Wherever he is today, Maldonado has gone from a teenager to a 30-year-old, and his family in Chicago doubts he is still concerned about being brought back to Cook County for trial.
"Why would you look over your back if you know you won't get caught?" said Maldonado's youngest brother, Edgar Lopez.
"He's living his life," added sister Joana Maldonado.
Living a new life
Abraham Caudel's life in DeKalb unraveled in April 2003, when one of his daughters told his wife that Caudel had been sexually assaulting her for many months.
The wife, Irene Arias, went to police and filed for an order of protection on behalf of her children, saying the 14-year-old daughter alleged that Caudel had "started touching her when she was 12" and raped her three times. Another daughter accused Caudel of molesting her, Arias' petition added.
During the next days, the self-employed house painter was arrested twice for violating the order of protection. He followed Arias and the children, and he grabbed and threatened her, Arias contended in court papers. Both times, authorities released him after he put down $100 cash in bail.
Then Caudel fled — just days before the DeKalb County state's attorney charged him with 10 counts of criminal sexual assault and aggravated criminal sexual abuse of a family member under 18.

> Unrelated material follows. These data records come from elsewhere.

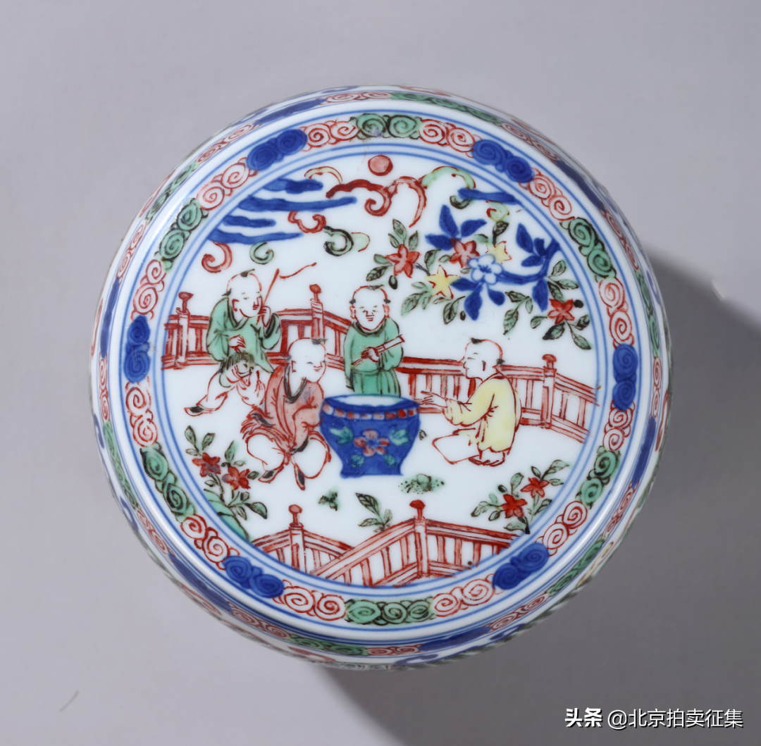 明万历五彩柳荫莺蝶图盖盒
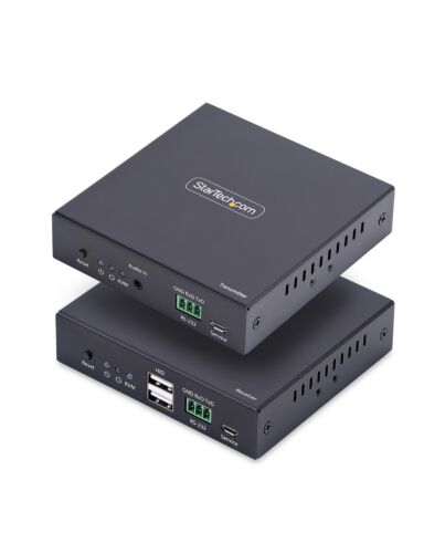 StarTech.com HDMI KVM Extender Over IP Network, 4K 60Hz, Driverless, HDMI and USB Over Ethernet/CAT6, AVoIP, Transmitter and Receiver Kit, Includes Mounting Kits, Transmitter & receiver, Wired, Cat6, 3840 x 2160 pixels, 60 Hz, Black
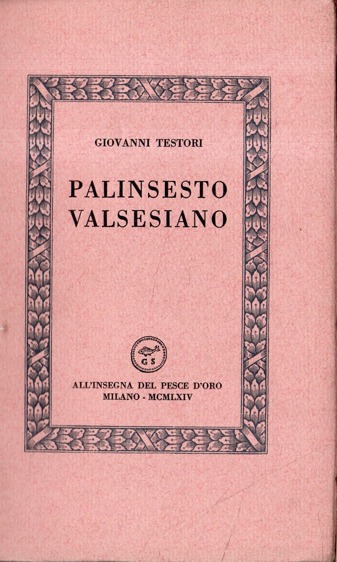Testori - Palinsesto Valsesiano - All'insegna Del Pesce D'oro. 1964

Four years later, in 2007, Arias learned while visiting her ailing father in Guadalajara that Caudel was renting a second-floor apartment in a tightly packed neighborhood where streets are paved with broken rock.
She went there to demand that Caudel divorce her in the Mexican state of Jalisco, where their marriage was registered in 1983. But Caudel said he would grant the divorce only if she could get authorities to drop the criminal charges against him in DeKalb, according to Arias and a U.S. federal warrant.

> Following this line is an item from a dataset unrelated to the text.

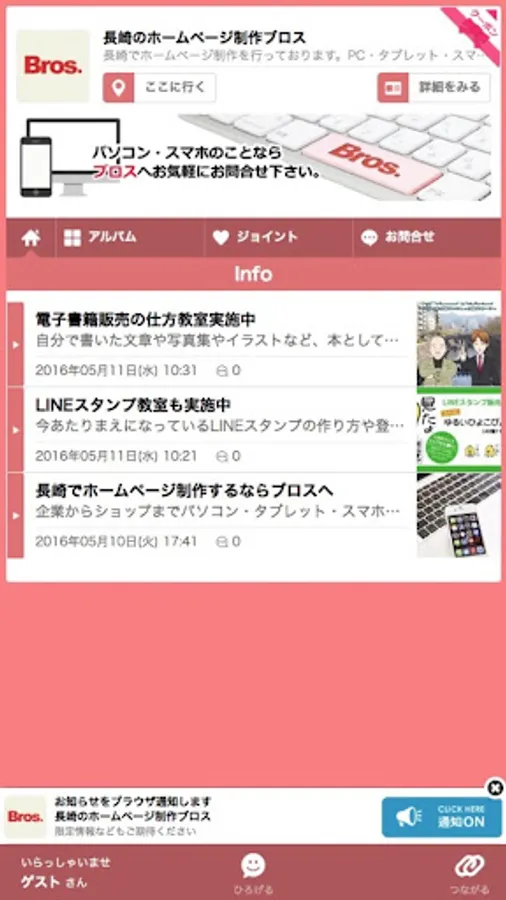 長崎でPC・タブレット・スマホ自動対応のホームページ制作を行っております。また自分で簡単更新できるホームページシステムもお取り扱いしております。また、マンツーマンによる初心者向けのパソコン教室・LINEスタンプ登録教室・電子書籍登録教室も実施しております。興味がおありの方、ぜひお気軽にお問合せくださいませ。

Arias instead secured a divorce in DeKalb and provided a police detective there with Caudel's exact address in Guadalajara. FBI agents filed a federal warrant for Caudel's arrest, often the first step in an effort to extradite an international fugitive.
But no visible action followed.
DeKalb County Assistant State's Attorney Phil Montgomery said that as far as he knew, federal authorities still hadn't located Caudel.
In September, Tribune reporters traced Caudel to the family's tannery in Guadalajara, only blocks from the apartment where Arias confronted him four years earlier.
As reporters approached the tannery in the late afternoon, an elderly worker was taking a break on a log outside. At the reporters' request, he called through the black metal gates into the darkened interior, and the fugitive appeared.
Standing in a sweat-soaked undershirt, with flecks of white leather-treatment residue dotting his face, Caudel maintained that his daughter fabricated the accusations against him because he was a strict parent. "My heart is clean," he said.
He said he fled the U.S. because he didn't think he could get a fair trial. After he returned to Guadalajara, Caudel said he felt despondent for a time but soon fell in love and started a new family with two daughters.
Caudel described himself as a devoted parent. If there were a prize for best father, he said, "I would have won."
His 4- and 6-year-old daughters in Guadalajara are the reason, he said, that he doesn't end his life on the run and return to face trial in America.
"I can't leave them," he said. "What gives me strength to continue to live now is my new girls."